REFLECTIONS

January 12th, 2020

Train up a child in the way he should go,

And when he is old he will not depart from it.

Proverbs 22:6

Train Up a Child

There’s an adage that says, “It has been said that there are two things parents should give their children. The first is roots; and the other is wings What a heavy responsibility! Parents hold delicate human lives in their hands; and most parents seem imbued with love for each child to do their very best to prepare them with roots and wings to face the life ahead. But as I think of this familiar adage, I find myself as a beneficiary of those roots and wings my parents worked so tirelessly to provide.

Through the years, Reflections have often noted the blessing my parents were in my life. But alongside them during those nurturing years stood my grandparents behind them and close friends encircling them.
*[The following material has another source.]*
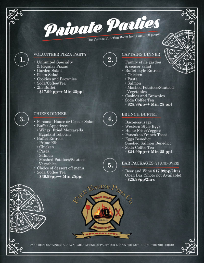 With reclaimed barn-wood, hickory floors, and endless artifacts donated from local Fire Departments, Fire Engine Pizza Co. exudes an early American ambiance with intricate detail from top to bottom. The rectangular bar is situated in the center of one half of the establishment, creating an inviting social environment that serves all the classics – plus seasonal cocktail specials throughout the year. The remaining half emanates a family- friendly atmosphere with a brick oven backdrop, creating a dining experience that is unmatched. There is a brand new private room space as of the Fall of 2023.

Collectively they taught principles to live by through the stories they told and set examples by the way they lived them out. Looking back, those lessons shaped my perspective of life and instilled the values for how I have chosen to pattern my life.

At no time during those years did I sense any intentionality or duty from any of them to train up a child. They just did it. All of them gave me their attention willingly and freely. Without their attention, it seems unlikely I would have given much attention to them. From Mema reading me Bible stories, or Millie challenging me to competitive card games, or J.P. teaching me hit, throw, and catch a baseball, I learned about life and how to live it.

I watched Mema live what she taught as a Sunday school teacher until she was 90 years old. Millie’s games instilled my competitive spirt; and my hand-eye coordination from J.P.’s training proved to open more doors for me than I can count.

Train up a child in the way he should go, the proverb says. But parents don’t have to go it alone. Mom and Dad were blessed with a team to help—my grandparents who had trained them well, and a circle of friends who served the Lord and lived principled lives. Perhaps this child of theirs fell short of everyone’s hopes; but today he looks back in thanksgiving for all those whose love and training helped give him grow roots and wings to become me.

And  it seems now the proverb ascribes responsibility for more children than our own. We are all God’s children. And we should feel blessed when God chooses us to help give roots and wings to some of them not our own. He assigned such a team to Mom and Dad.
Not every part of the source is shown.